Le chômage a atteint des sommets dans les premiers mois de la crise et n'a pas encore retrouvé son niveau d'avant la pandémie. Avant la pandémie, le Canada était confronté à une crise de l’abordabilité. Les salaires avaient du mal à suivre l'augmentation du coût de la vie. Une pénurie de logements abordables limitait les choix des locataires et des acheteurs. Les frais de scolarité des établissements publics ont grimpé en flèche en quelques décennies seulement. Avant la crise, 3,7 millions de personnes au Canada vivaient sous le seuil de pauvreté – un fait inacceptable pour un pays aussi prospère que le Canada.

Des décennies de stagnation des salaires ont miné la capacité des travailleuses et travailleurs, et surtout ceux à faible revenu, à améliorer leur niveau de vie. Un meilleur accès aux syndicats peut faire pression sur les employeurs pour qu'ils versent des salaires décents. Les gouvernements peuvent également agir sur les salaires. À l'heure actuelle, la Colombie-Britannique, l'Alberta et le Nunavut sont les trois seuls endroits au Canada à garantir un salaire minimum de 15 $ l'heure pour la majorité des travailleuses et travailleurs. Cette année, le gouvernement fédéral a suivi le mouvement en introduisant un salaire minimum de 15 $ pour les travailleuses et travailleurs des secteurs sous réglementation fédérale, qui entrera en vigueur à la fin du mois de décembre 2021. Il s'agit d'une bonne nouvelle, mais cette augmentation était attendue depuis longtemps, et elle est encore loin d’être suffisante. Au Québec, par exemple, les travailleuses et travailleurs demandent actuellement un salaire minimum de 18 $ l’heure, ce qui se rapproche davantage d’un salaire décent.

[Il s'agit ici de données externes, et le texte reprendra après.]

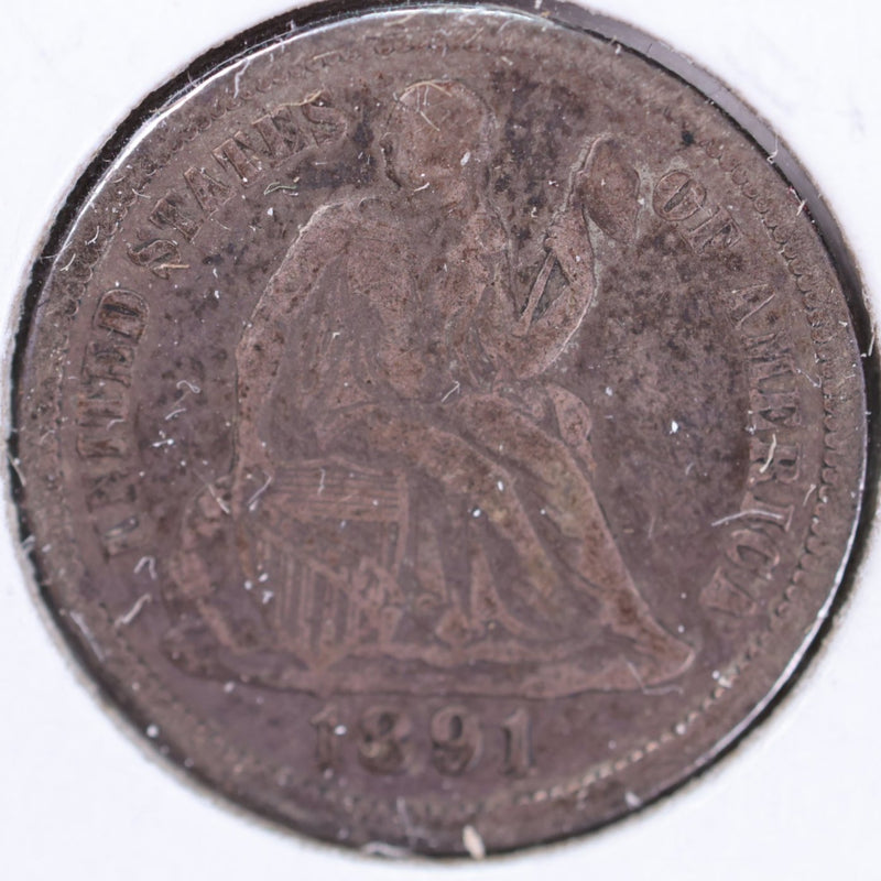 1891 Seated Liberty Silver Dime, Extra Fine Circulated Coin, Store #d891.02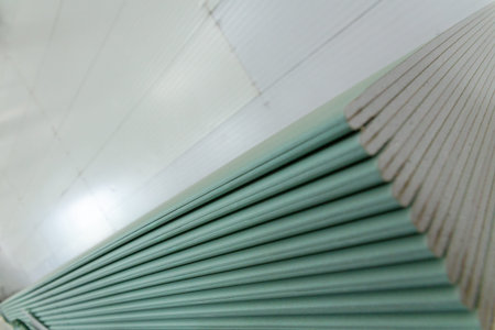 Stacks of new drywall in soft lighting showcasing texture and detail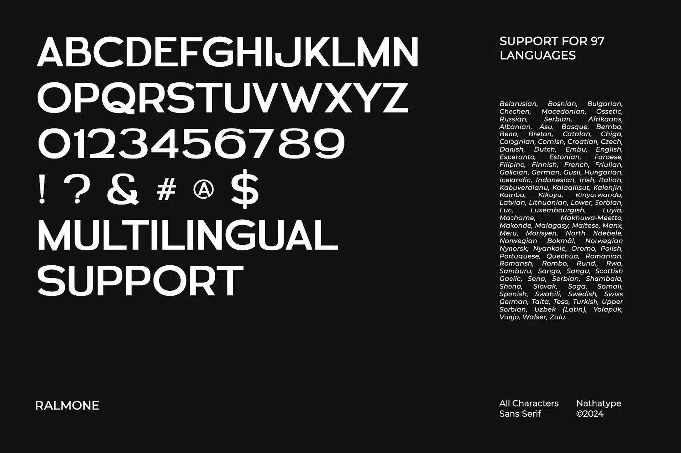 Ralmone is a modern luxury versatile sans serif font family designed to offer a wide range of typographic possibilities. Crafted exclusively in uppercase, Ralmone exudes a sense of modernity and strength. With seven font weight choices available, ranging from Thin to Bold, Ralmone provides designers with the flexibility to create impactful compositions.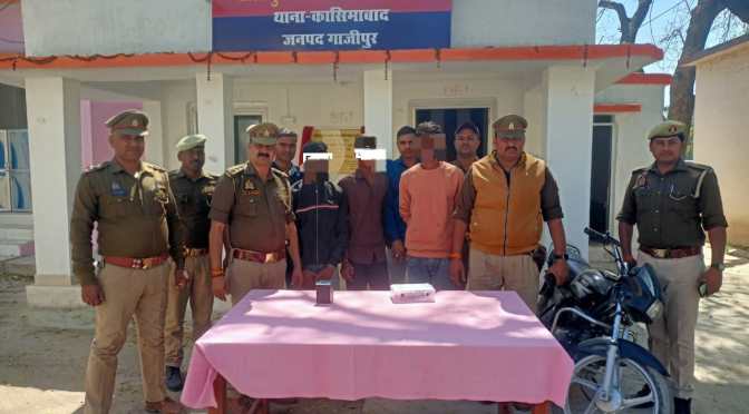 गाजीपुर। कासिमाबाद थाना पुलिस ने शनिवार को तीन अभियुक्त को गिरफ्तार किया जिसमें से दो बाल अपचारी है। इनके पास से एक तमंचा, एक जिन्दा कारतूस .315 बोर व एक मोटरसाइकिल बरामद हुआ। पुलिस अधीक्षक ओमवीर सिंह के निर्देश पर अपराध एवं अपराधियों के विरुद्ध चलाये जा रहे अभियान के तहत शुक्रवार को प्रभारी निरीक्षक रामसजन नागर ने अपने पुलिस टीम के साथ सन्त रविदास गेट सनेहुआ के पास से वाहन चेकिंग के दौरान एक बाइक पर तीन सवार व्यक्ति को पकड़ा। तलाशी ली गयी तो इन सभी के पास से एक तमंचा, एक कारतूस और एक बाइक बरामद हुआ। गिरफ्तार अभियुक्तों में पहला अभिनव गुप्ता उर्फ साहिल गुप्ता नि0ग्राम चक आजम थाना नोनहरा उम्र 19 वर्ष, दूसरा बाल अपचारी निवासी ग्राम चावनपुर गनी थाना कासिमाबाद और तीसरा बाल अपचारी निवासी ग्राम कटया परजीपाह थाना कासिमाबाद शामिल हैं। पूछताछ करने पर अभियुक्तों ने बताया कि उक्त स्पेलेण्डर UP54N4526 फिरदौस पुत्र फक्करे आलम निवासी बहादुरगंज थाना कासिमाबाद की है, जिसे हम लोगों ने गांधी मेमोरियल मैदान के सामने से चोरी की थी। फिरदौस पुत्र फक्करे आलम के द्वारा चोरी की गई मोटरसाइकिल के सम्बन्ध मे 7 मार्च 2024 को मुकदमा पंजीकृत कराया गया था। गिरफ्तार किए गए अभिनव गुप्ता उपरोक्त को हिरासत पुलिस में लिया गया तथा शेष 2 बाल अपचारी को निगरानी मे लिया गया। गिरफ्तार करने वाली पुलिस टीम में प्रभारी निरीक्षक के साथ उप निरीक्षक आशुतोष शुक्ला, कांस्टेबल राजेश कुमार, का. सुजीत प्रसाद, का. सनोज यादव और का. विमलेश कुमार शामिल रहे।

Alors que les syndicats se battent à la table de négociation pour obtenir des augmentations de salaire égales ou supérieures au taux d'inflation, pour de nombreux membres, leurs frais de logement – le principal élément de leur coût de la vie – augmentent à un rythme beaucoup plus rapide. En réponse à une crise nationale du logement, le gouvernement fédéral a lancé en 2017 une Stratégie nationale sur le logement. Cet ambitieux programme décennal de 70 milliards de dollars signifie, entre autres, stimuler l'offre de nouveaux logements et améliorer les logements abordables. Après trois ans d'existence, la Stratégie nationale sur le logement a donné des résultats mitigés. Deux des principaux programmes d'investissement de la Stratégie ont dépensé moins de la moitié des fonds qui leur étaient réservés. Pire encore, bon nombre des accords d'exploitation provinciaux ont pris fin, ce qui a entraîné une réduction importante de la construction de logements communautaires.

Au milieu de cette crise, le principal régime de stabilisation du revenu du Canada, l'assurance-emploi, n'a pas été à la hauteur. Des nombres sans précédent de demandes ont afflué dans les bureaux de Service Canada, créant des arriérés importants. Les critères d'admissibilité trop restrictifs de l'assurance-emploi, les faibles taux de prestations et les lacunes importantes dans la couverture des travailleuses et travailleurs ne pouvaient tout simplement pas servir d’instrument pour maintenir à flot les travailleuses et travailleurs sans emploi. Par conséquent, le gouvernement canadien a été contraint de créer de nouvelles prestations temporaires, dont la prestation canadienne d'urgence (PCU), pour aider les travailleuses et travailleurs à payer leurs factures.

Les changements apportés à l'assurance-emploi à l'automne 2020 ont contribué à améliorer l'accès, de manière significative en permettant aux travailleuses et travailleurs de faire la transition pendant que la PCU arrivait à sa fin. Ces mesures sont les bienvenues, mais restent temporaires. Unifor fait activement campagne pour des réformes importantes de l'assurance-emploi afin de bâtir un régime plus fort et plus résilient. Le prochain gouvernement fédéral doit donner la priorité à des solutions permanentes en matière d'assurance-emploi qui améliorent l'accès des travailleuses et travailleurs aujourd'hui et à l'avenir.